…and I say tomahto…
The Beeb has a new series of historical programmes being broadcast under the portmanteau title of Life and Death in the Tudor Court.
Last Thursday saw the broadcast of The Last Days of Anne Boleyn, and what a rich plum pudding of a programme it was. It had a collection of historians and novelists – big guns, such as David Starkey and Hilary Mantel – battling it out over whose interpretation of the facts – as far as they are known – were the real McCoy. I thought it was absolutely riveting. The programme makers interviewed the experts individually, and then cut between them so that it was very apparent that history is fluid, and the truth is never as clear-cut as some would like to profess.
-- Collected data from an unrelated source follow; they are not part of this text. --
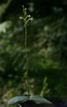 Terrestrial herb, 20 - 35 cm. Leaves 2, basal, appressed to the ground, broadly ovate to almost round, silvery green with darker reticulate veining. Several small bract-like leaves along the flowering stem. Inflorescence laxly 3-12-flowered. Flowers pale green or whitish. Dorsal sepal erect, convex, forming a hood; lateral sepals strongly reflexed. Petals 2-lobed; upper lobes erect, short, ovate, adnate to the dorsal sepal; lower lobes filiform 2-3 cm, deflexed or spreading. Lip 3-lobed c. 2 mm from the base; mid-lobe linear, c. 8 mm; side lobes filiform, 2-3 cm, similar to anterior petal lobes. Spur 2-3.5 cm, somewhat incurved, slightly swollen at the apex. |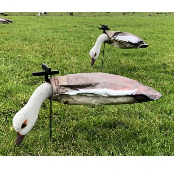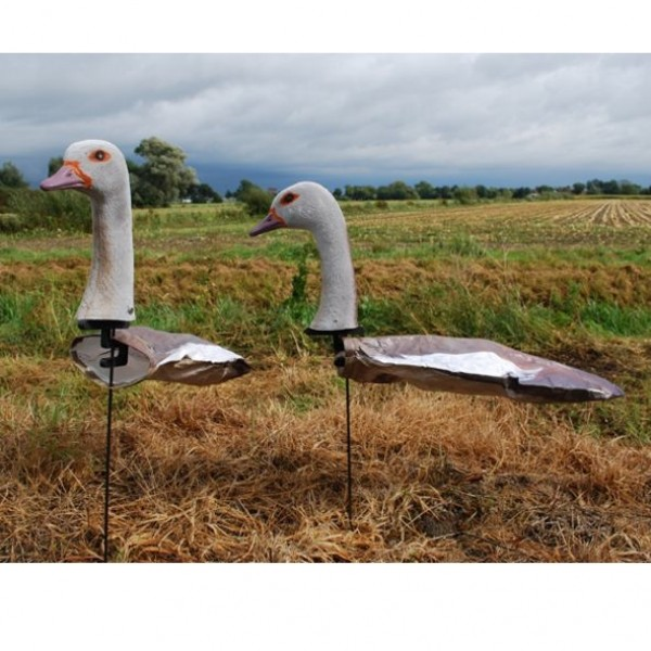 De ProLoo Windecoy Nijlgans set 10 stuks bestaat uit 6x kop omlaag (foeragerend)/4x kop omhoog (oplettend). De Windecoys bewegen op een natuurlijke wijze in de wind. Overtrekkende ganzen zullen zo gemakkelijker bij een lokstal invallen. Bij voorkeur plaatsen in de wind waardoor de Tyvek sock zich opblaast, op deze manier ontstaat een full body. Door het gebruik van Tyvek en glasfiber is het geheel licht van gewicht en handig te transporteren. De Tyvek sock is voorzien van een 3D fotoprint, hierdoor zijn deze haast niet van de echte ganzen te onderscheiden.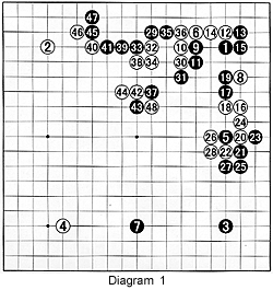 Diagram 2: Black really should defend in the upper right, because White has closed off his escape path to the center. Exchanging black 1 for white 2 makes black 3 and 5 a natural follow-up--we call this natural flow (sometimes referred to as choshi ga ii). Also note that this indirectly attacks White's group on the right, as we'll see in the next diagram. White 6 is an assertive move--Otake tries to turn the whole lower left corner into territory. Black establishes a position in White's sphere of influence on the left with 7 through 19. Otake regretted white 18 and 20 as moves that seem to connect, but don't make territory, and provoked a black defense at 21. White should have at least played 20 to the left of 19. The reason for the mistake is White was impatient to get sente (initiative) to play at 22, a move easily worth over 20 points. Black 29 is the beginning of White's end. White 30 is not to the point at this stage--he should defend his center group.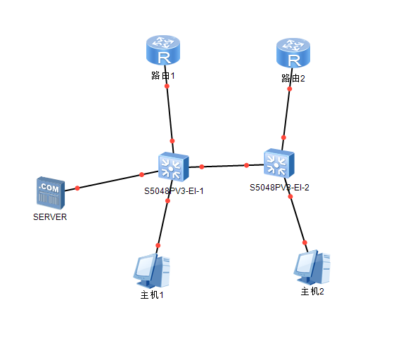 可以把2个主机网段不一样,各自网关指向各自的网关交换机,两台交换机正常写静态默认路由到上层路由器,两台交换机互联使用新网段,交换机2(右边)写指向访问服务器的路由到交换机1(左边),也就是后面正常写路由,可以实现
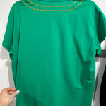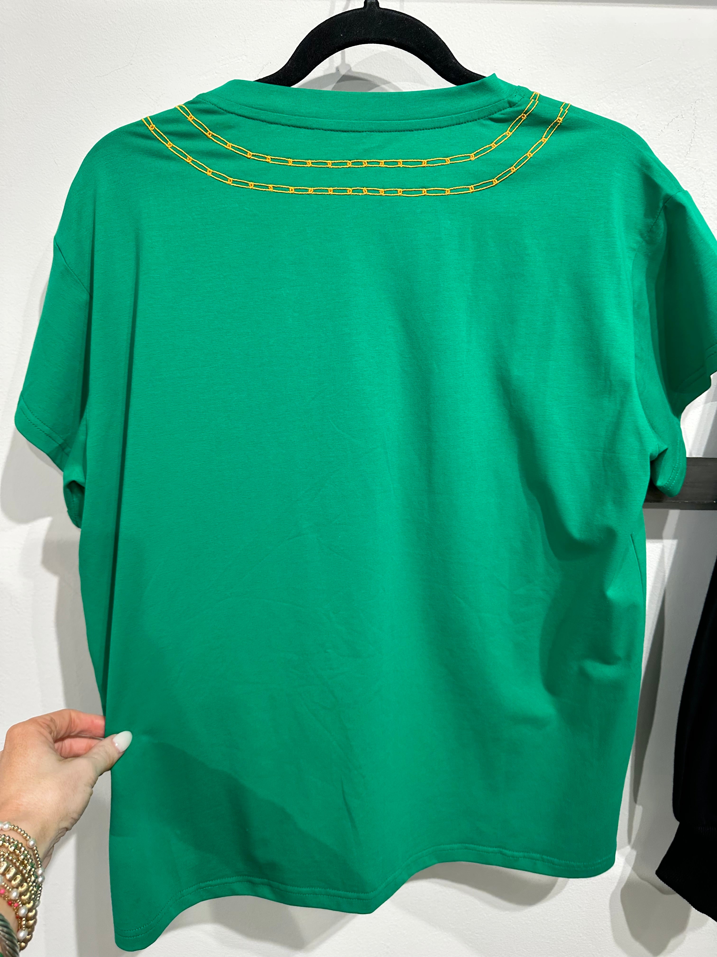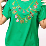 The Queen Of Sparkles Bright Green Necklace Tee is a relaxed-fit classic with a merry twist. Designed with short sleeves, a crew neckline, and a statement necklace graphic, it blends comfort with festive sparkle. Pair it with denim for casual holiday outings or tuck it into a skirt for a dressed-up seasonal style.

The cut-and-thrust between the experts was excellently done, and pointed up the fact that history is never cut-and-dried.
The following night, we had professor Diarmaid MacCulloch covering much the same ground with his examination of the rise and fall of Thomas Cromwell.
Unfortunately for the good professor, having seen how interpretations of the players in the Tudor Court were presented and interpreted by a gallery of experts on the previous night, I was far less ready to go along with his thesis. I kept wondering how his fellow historians might have wanted to present a somewhat different picture.
And then there was his pronunciation of the name of Anne Boleyn. The previous night, all the assembled experts had said Anne Bowlin, just as I’ve always thought of it. And now here was the good professor calling her Anne Bollin. I’m sorry, but something is not right in the state of Denmark…
You say potahto, and he says potayto – let’s call the whole thing orff.